Required action | Quote the line containing "Добре изведена принудителна" and all lines that follow it in the listing below, exactly as written.

Records supplied |
+===+
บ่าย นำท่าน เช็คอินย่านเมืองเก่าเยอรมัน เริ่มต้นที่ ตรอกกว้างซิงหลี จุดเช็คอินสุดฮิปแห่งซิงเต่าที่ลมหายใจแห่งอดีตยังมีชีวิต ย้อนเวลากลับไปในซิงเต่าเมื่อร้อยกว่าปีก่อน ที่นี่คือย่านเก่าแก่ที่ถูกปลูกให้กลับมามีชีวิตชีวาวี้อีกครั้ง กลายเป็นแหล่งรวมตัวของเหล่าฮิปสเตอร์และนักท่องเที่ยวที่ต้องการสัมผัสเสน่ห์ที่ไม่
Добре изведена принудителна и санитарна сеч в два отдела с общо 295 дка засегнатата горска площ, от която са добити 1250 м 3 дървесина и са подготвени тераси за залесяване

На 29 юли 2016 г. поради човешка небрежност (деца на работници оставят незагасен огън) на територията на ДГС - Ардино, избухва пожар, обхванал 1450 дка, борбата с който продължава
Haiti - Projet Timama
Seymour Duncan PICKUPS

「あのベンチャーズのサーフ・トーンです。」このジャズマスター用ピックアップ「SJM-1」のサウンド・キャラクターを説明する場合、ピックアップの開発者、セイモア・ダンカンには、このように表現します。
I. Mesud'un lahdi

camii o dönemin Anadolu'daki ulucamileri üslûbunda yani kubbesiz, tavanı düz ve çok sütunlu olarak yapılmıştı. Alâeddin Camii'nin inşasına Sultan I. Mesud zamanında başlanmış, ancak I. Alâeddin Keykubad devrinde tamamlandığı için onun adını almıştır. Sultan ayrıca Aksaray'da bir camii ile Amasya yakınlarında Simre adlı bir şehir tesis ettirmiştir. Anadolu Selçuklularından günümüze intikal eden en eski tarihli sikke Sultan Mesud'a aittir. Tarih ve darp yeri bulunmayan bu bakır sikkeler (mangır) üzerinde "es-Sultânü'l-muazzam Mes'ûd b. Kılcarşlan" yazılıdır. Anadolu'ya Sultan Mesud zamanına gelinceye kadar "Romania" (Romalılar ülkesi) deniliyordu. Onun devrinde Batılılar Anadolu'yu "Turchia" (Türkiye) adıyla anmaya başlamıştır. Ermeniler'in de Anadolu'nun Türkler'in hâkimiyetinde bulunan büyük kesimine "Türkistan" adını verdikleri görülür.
+===+
Your response |
Добре изведена принудителна и санитарна сеч в два отдела с общо 295 дка засегнатата горска площ, от която са добити 1250 м 3 дървесина и са подготвени тераси за залесяване

На 29 юли 2016 г. поради човешка небрежност (деца на работници оставят незагасен огън) на територията на ДГС - Ардино, избухва пожар, обхванал 1450 дка, борбата с който продължава
Haiti - Projet Timama
Seymour Duncan PICKUPS

「あのベンチャーズのサーフ・トーンです。」このジャズマスター用ピックアップ「SJM-1」のサウンド・キャラクターを説明する場合、ピックアップの開発者、セイモア・ダンカンには、このように表現します。
I. Mesud'un lahdi

camii o dönemin Anadolu'daki ulucamileri üslûbunda yani kubbesiz, tavanı düz ve çok sütunlu olarak yapılmıştı. Alâeddin Camii'nin inşasına Sultan I. Mesud zamanında başlanmış, ancak I. Alâeddin Keykubad devrinde tamamlandığı için onun adını almıştır. Sultan ayrıca Aksaray'da bir camii ile Amasya yakınlarında Simre adlı bir şehir tesis ettirmiştir. Anadolu Selçuklularından günümüze intikal eden en eski tarihli sikke Sultan Mesud'a aittir. Tarih ve darp yeri bulunmayan bu bakır sikkeler (mangır) üzerinde "es-Sultânü'l-muazzam Mes'ûd b. Kılcarşlan" yazılıdır. Anadolu'ya Sultan Mesud zamanına gelinceye kadar "Romania" (Romalılar ülkesi) deniliyordu. Onun devrinde Batılılar Anadolu'yu "Turchia" (Türkiye) adıyla anmaya başlamıştır. Ermeniler'in de Anadolu'nun Türkler'in hâkimiyetinde bulunan büyük kesimine "Türkistan" adını verdikleri görülür.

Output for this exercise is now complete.